Uttar Pradesh Chief Minister Yogi Adityanath, on Monday, launched a sharp historical critique, holding the Congress party and Muhammad Ali Jinnah responsible for India's cultural division and the eventual Partition. He identified the political controversy surrounding the national song 'Vande Mataram' as the first and most dangerous consequence of the Congress's policy of appeasement.
The Assembly Debate on a National Symbol
Initiating a special discussion in the Uttar Pradesh Legislative Assembly during the winter session, CM Adityanath made the state assembly the first such house to formally debate the history of Vande Mataram. He asserted that the compromise made by the Indian National Congress over the song directly fueled separatist sentiments.
The Chief Minister argued that as long as Jinnah remained within the Congress fold, Vande Mataram was not a contentious issue. "Once Jinnah left the Congress, he made it a tool of the Muslim League and deliberately gave the song a communal colour. The song remained the same, but the agenda changed," Yogi stated, framing the shift as a calculated political move.

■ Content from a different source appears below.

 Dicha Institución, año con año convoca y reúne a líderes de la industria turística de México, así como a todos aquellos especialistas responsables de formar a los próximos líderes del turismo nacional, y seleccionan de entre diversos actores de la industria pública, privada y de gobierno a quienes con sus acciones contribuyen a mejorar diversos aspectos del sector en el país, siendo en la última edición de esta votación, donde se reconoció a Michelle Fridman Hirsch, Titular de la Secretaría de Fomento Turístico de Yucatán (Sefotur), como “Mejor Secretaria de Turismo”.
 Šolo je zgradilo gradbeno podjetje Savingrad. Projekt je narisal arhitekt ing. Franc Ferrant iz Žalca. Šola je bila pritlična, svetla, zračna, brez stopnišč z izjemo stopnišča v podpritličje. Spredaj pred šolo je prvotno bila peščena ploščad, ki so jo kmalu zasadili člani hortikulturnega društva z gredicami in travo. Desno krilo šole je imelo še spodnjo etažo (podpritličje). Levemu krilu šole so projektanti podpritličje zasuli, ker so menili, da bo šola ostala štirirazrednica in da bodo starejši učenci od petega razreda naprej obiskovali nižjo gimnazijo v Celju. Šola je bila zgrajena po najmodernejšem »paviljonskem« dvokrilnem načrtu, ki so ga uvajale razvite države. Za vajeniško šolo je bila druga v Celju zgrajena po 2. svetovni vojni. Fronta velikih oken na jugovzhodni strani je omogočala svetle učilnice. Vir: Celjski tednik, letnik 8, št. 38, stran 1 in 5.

A Timeline of "Appeasement and Surrender"
Yogi Adityanath presented a detailed chronology of events to substantiate his claims. He recalled that on October 15, 1937, Jinnah launched a slogan against Vande Mataram from Lucknow, while Jawaharlal Nehru was Congress President. Merely five days later, on October 20, 1937, Nehru wrote to Subhas Chandra Bose expressing that the song's background was making Muslims uncomfortable—a letter the CM termed a "clear admission of the Congress's appeasement policy."
The situation escalated quickly. On October 26, 1937, the Congress Working Committee decided to drop certain portions of the song in the name of "harmony." Adityanath described this as a "sacrifice of national consciousness." By March 1938, Jinnah demanded the song be changed entirely. The Congress's lack of resistance, according to Yogi, emboldened the Muslim League, sharpened separatist tendencies, and marked the first major compromise on a national cultural symbol. He contended that this sequence laid the foundational stone for India's Partition.

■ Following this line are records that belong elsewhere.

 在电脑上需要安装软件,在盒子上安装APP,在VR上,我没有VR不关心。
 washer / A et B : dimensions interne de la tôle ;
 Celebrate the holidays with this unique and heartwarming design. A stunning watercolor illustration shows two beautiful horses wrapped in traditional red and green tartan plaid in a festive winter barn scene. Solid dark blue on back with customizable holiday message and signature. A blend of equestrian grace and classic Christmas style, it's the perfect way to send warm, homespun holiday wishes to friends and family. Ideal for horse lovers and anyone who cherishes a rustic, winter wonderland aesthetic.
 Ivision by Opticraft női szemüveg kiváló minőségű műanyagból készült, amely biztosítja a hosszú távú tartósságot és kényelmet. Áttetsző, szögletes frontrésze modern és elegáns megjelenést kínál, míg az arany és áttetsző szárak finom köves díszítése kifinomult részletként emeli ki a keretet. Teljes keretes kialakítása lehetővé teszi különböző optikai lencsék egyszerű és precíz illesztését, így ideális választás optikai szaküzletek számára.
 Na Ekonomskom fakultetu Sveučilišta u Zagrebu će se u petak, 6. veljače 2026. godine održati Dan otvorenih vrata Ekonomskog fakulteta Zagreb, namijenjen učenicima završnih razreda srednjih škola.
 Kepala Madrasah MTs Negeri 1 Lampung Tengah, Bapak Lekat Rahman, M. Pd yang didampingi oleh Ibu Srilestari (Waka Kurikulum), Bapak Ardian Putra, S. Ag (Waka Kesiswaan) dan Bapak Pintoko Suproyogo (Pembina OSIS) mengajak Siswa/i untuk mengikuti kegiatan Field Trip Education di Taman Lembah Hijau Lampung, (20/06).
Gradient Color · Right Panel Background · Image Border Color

He emphasized that the opposition to Vande Mataram was not religious but purely political, rooted in the Khilafat movement politics of the 1920s, as seen in Mohammad Ali Jauhar's 1923 protest.
Contrasting Historical Support and Political Compromise
The Chief Minister painted a vivid picture of an earlier era when Vande Mataram was sung without controversy at Congress conventions between 1896 and 1922. "Bharat Mata ki Jai and Vande Mataram reverberated from every stage then. Even freedom fighters like Maulana Abul Kalam Azad supported it. No one termed it 'anti-Islam'," he noted.
He pointed out that despite Congress leaders like Rafi Ahmad Kidwai calling the song a symbol of the freedom struggle, the party never promoted him. Instead of defending the song, Congress formed committees and ultimately decided in 1937 that only two stanzas would be sung, and that too not mandatorily—a decision Yogi branded a "national surrender."
Yogi Adityanath further alleged that the truncated version of Vande Mataram later recognized by the Constituent Assembly on January 24, 1950, was a direct result of this entrenched appeasement policy. "The nation adopted the song, but the Congress had already cut it," he claimed.
He invoked the endorsements of Mahatma Gandhi, who called it a 'national spirit,' Rabindranath Tagore, who termed it the 'soul of India,' and Sri Aurobindo, who described it as a 'mantra.' He highlighted its iconic role in the freedom struggle, noting it was inscribed on the first tricolor hoisted abroad by Madam Bhikaji Cama and was the last words of revolutionary Madan Lal Dhingra.
In a concluding warning, the Chief Minister said that some political forces are still trying to revive the same divisive mindset. He also accused the Congress of insulting the song's legacy by imposing the Emergency in 1975, during the centenary year of its composition. Yogi Adityanath concluded by stating that the vision of 'Ek Bharat Shreshtha Bharat' under the Modi government is fulfilling the dreams of the song's creator, Bankim Chandra Chattopadhyay.